While Hall respects the traditions, she’s no purist. “I think these songs — many of which date back to the 1600s or 1700s or even earlier — are re-created in each generation, so what we’re doing in the Apollo’s Fire show is not traditional at all, but an homage. It’s a way of saying that this music moves through us. It takes only one person to seed a song somewhere, and then it gets nurtured and hybridized in that community, and if you discover something strange and wonderful in it, you become part of a process. It makes you feel like a farmer who’s found an ancient rootstock. Nobody says I have to preserve it precisely as it was — but if I don’t do something with it and just let it die with me, then I’ve not done my part.”
The genesis of “My Island Home” goes back to a program Hall and Sylvain Bergeron performed in Montréal in the late 1990s. “We started out with mostly baroque repertoire, then we’d do an audience pleaser of folk music at the end.
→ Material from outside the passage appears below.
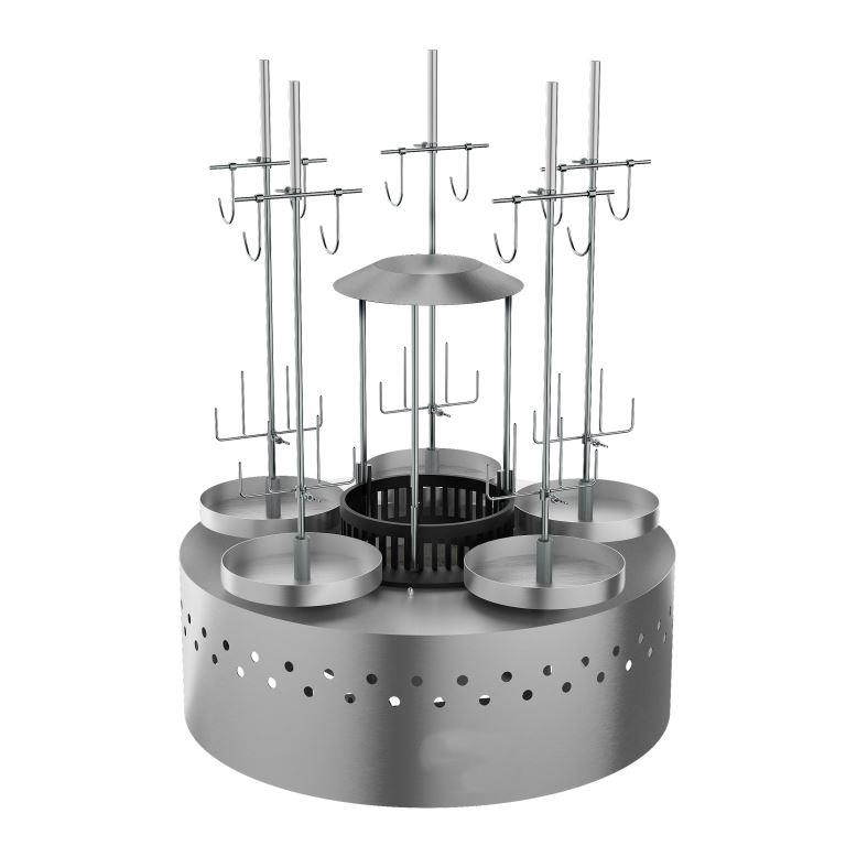 Literally translated Fogo de Chao means ” fire on the ground”. This BBQ is used to slow roast primal cuts of beef ribs around a central wood fire. Each of the 5- 40 inch long skewers rotates independently for perfect even cooking. A drip pan at the base of each skewer keeps things tidy. Skewer cross arms are fully adjustable to accommodate any cut and type of meat. Just close your eyes and visualize for a moment.

Then the audience pleasers started getting longer and longer.” One thing led to another, and soon a program entirely devoted to Newfoundland songs came into focus. “Sylvain was collaborating with a lot of folk and rock musicians at the time, and he just kind of went out on a limb,” Hall said. “So the songs had a slightly funkier vibe that has stayed with us. I like to think that Newfoundland is the last outpost before you get to the Atlantic, Iceland, and Ireland. It’s just jutting out there on the edge — and the songs are doing that too.
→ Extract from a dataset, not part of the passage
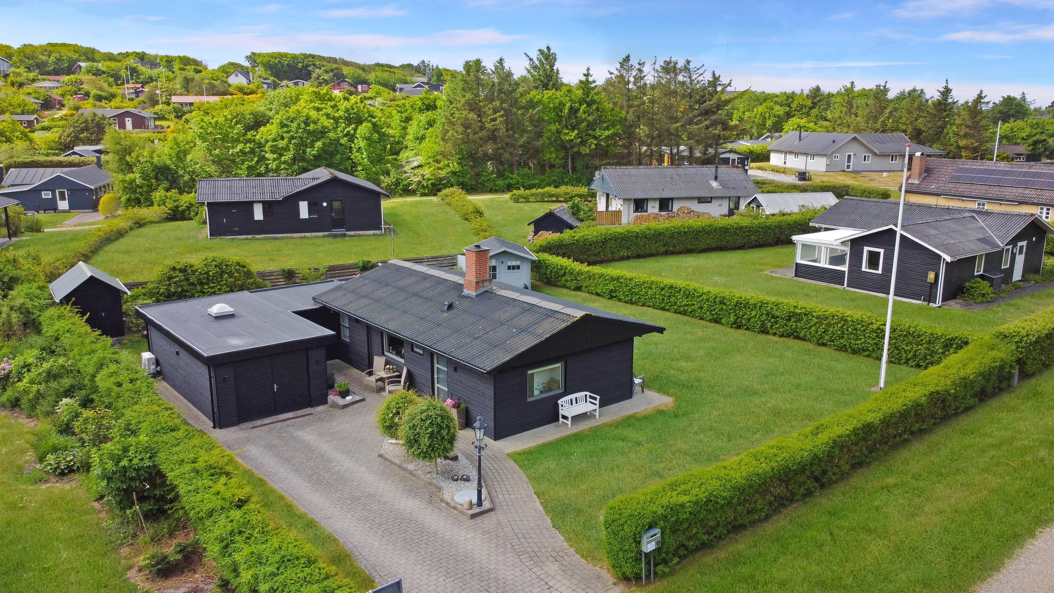 Das Haus befindet sich in der wunderschönen Gegend von Toftum Bjerge und ist nur wenige hundert Meter zu Fuß von der Limfjord entfernt. Toftum Bjerge ist wirklich eine fantastische Gegend, sowohl wenn man einen aktiven Urlaub haben möchte als auch für eine Pause vom hektischen Alltag, um einfach die Natur zu genießen. Es gibt reichlich Gelegenheit die Wanderstiefel einzulaufen, indem man entlang der bis zu 40 Meter hohen Küstenklippe spazieren geht, die einen Aussichtspunkt auf Thyborøn, Thy, Thyholm und Oddesund bildet. Wenn man zum ruhigen Wasser des Limfjords an den Strand geht, kann man die Paraglider beobachten, die von der Klippe aus fliegen, oder die Surfer im Wasser. Wenn man eine Wasserratte ist, kann man selbst versuchen zu surfen oder einfach schwimmen gehen. Ein paar hundert Meter vom Haus entfernt liegt der Humlum Golfplatz. Interessiert man sich für Golf, ist dies eine gute Möglichkeit für diejenigen, die eine gute Runde Golf in der wunderschönen Umgebung genießen möchten. Außerdem gibt es verschiedene Radwege, auf denen man die Gegend erkunden kann. In wenigen Autominuten erreicht man die gemütliche Kleinstadt Struer. Hier kann man in den örtlichen Geschäften einkaufen und auch das B&O Museum besuchen.

“What is it that makes this particular program so unique?” Hall asked herself. “What is that feeling we’re trying to get across? I would say it comes down to the kind of magic I feel when I’m out on the edge of a rocky, barren cliff in Newfoundland looking out at the waves just bashing in. In Newfoundland, even if there’s no actual mist in the air, there’s always the anticipation of mist at any moment. It’s in that salt air and in that wetness of the air coming off the water. And the peaty smell, the juniper smell that comes off the land, and the wild roses. It’s got a kind of wild magic to it.”
How will she organize the Apollo’s Fire program? “I’ll tell a few stories, I might even try a recitation, something my grandfather's generation would have known really well. Those recitations, like the old songs, tend to go on for about 29 verses, so I’ll have to do a little curtailing or people will be there all night. But the music of the show will focus in on the really spine-tingling tunes, the haunting tunes. It’s meditative, but it’s also got an earthy quality. Some of the songs are heartbreaking, and then there are some I can only describe as ancient.”
Closing out our conversation, Meredith Hall added, “If you like traditional folk music, I think you’ll get a lot out of this. If you like folk rock and you open your ears, you’ll like this music as well. And if you like to watch Baroque musicians going out on a limb, you’ll like this show.”
Published on ClevelandClassical.com June 14, 2016.